DE102011078900B4 - Method for adjusting a parking brake in a vehicle - Google Patents

Abstract

In a method for adjusting a parking brake comprising an electromechanical braking device with an electric brake motor for generating a clamping force, the motor constant of the brake motor is determined as a function of the motor resistance and from measured current values to determine the clamping force.

Description

The invention relates to a method for adjusting a parking brake in a vehicle according to the preamble of claim 1.

State of the art

In the EN 10 2006 052 810 A1 A method is described for estimating the clamping force generated by an electric brake motor in a parking brake of a motor vehicle. The electric brake motor acts on a brake piston, which is the carrier of a brake pad, axially in the direction of a brake disc. To determine the clamping force, the current, the supply voltage of the brake motor and the motor speed are measured, then the clamping force is estimated taking into account the measured variables from a differential equation system that describes the electrical and mechanical behavior of the electric motor. A Hall sensor, for example, can be used to measure the motor speed, which is used to determine the motor constant required to determine the clamping force.

From the Scripture EN 10 2009 001 258 A1 A method is known for monitoring the thermal load of an electric motor that can be used in a parking or handbrake. To record the thermal load, at least the voltage, the current and, if applicable, the motor speed are measured.

Disclosure of the invention

The invention is based on the object of determining a motor characteristic in an electric brake motor of an electromechanical braking device using simple measures without using a speed sensor, wherein the electromechanical clamping force depends on the motor characteristic.

This object is achieved according to the invention with the features of claim 1. The subclaims specify expedient further developments.

The method according to the invention can be used in electromechanical parking brakes in vehicles which have an electric brake motor, via which a clamping force can be generated to immobilize the vehicle. In this case, the rotational movement of the rotor of the electric brake motor is transferred into an axial actuating movement of a spindle, via which a brake piston, which is the carrier of a brake pad, is subjected to axial force against a brake disk.

If necessary, the parking brake is equipped with an additional braking device in order to be able to provide an additional clamping force in addition to the electromechanical clamping force if required.
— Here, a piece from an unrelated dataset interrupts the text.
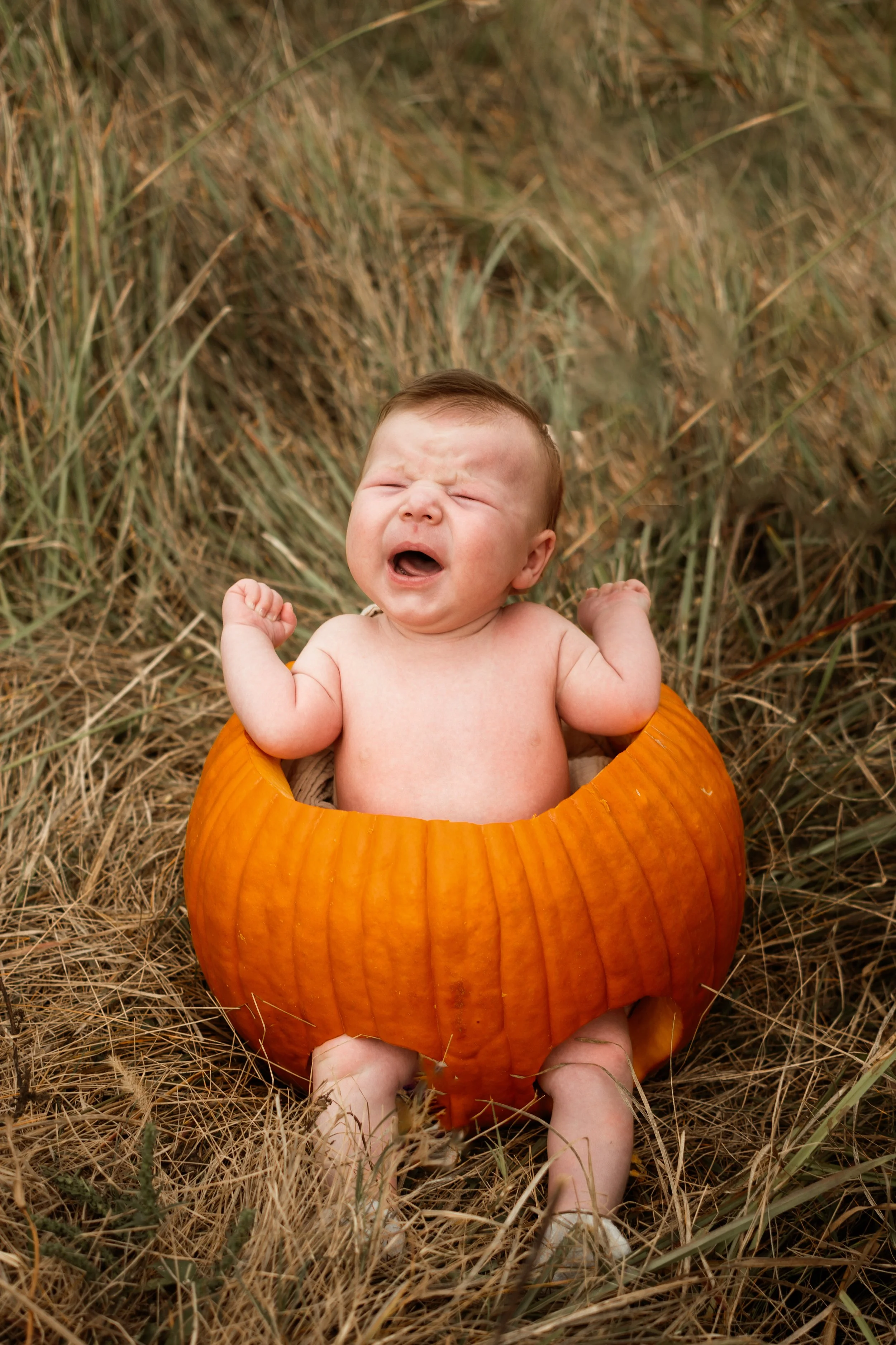 Then it was Wes' turn... let's just say we underestimated how much that little man had grown! He could barely squeeze into his pumpkin! We ended up putting him in Jacob's, but he was NOT having it.

For example, the additional braking device is the vehicle's hydraulic brake, the hydraulic pressure of which acts on the brake piston.

In the method according to the invention, the motor constant of the electric brake motor, which is required to determine the current braking force, is determined as a function of the motor resistance and from measured current values. If the motor constant is known, the value of which is temperature-dependent and can fluctuate relatively strongly within a motor series, the motor load torque can be calculated using the current motor current and from this the clamping force can be calculated using a gear reduction and an efficiency. This makes it possible to determine the currently effective clamping force even without a speed sensor. The only measured variables that need to be determined are the current and the voltage in the electric brake motor.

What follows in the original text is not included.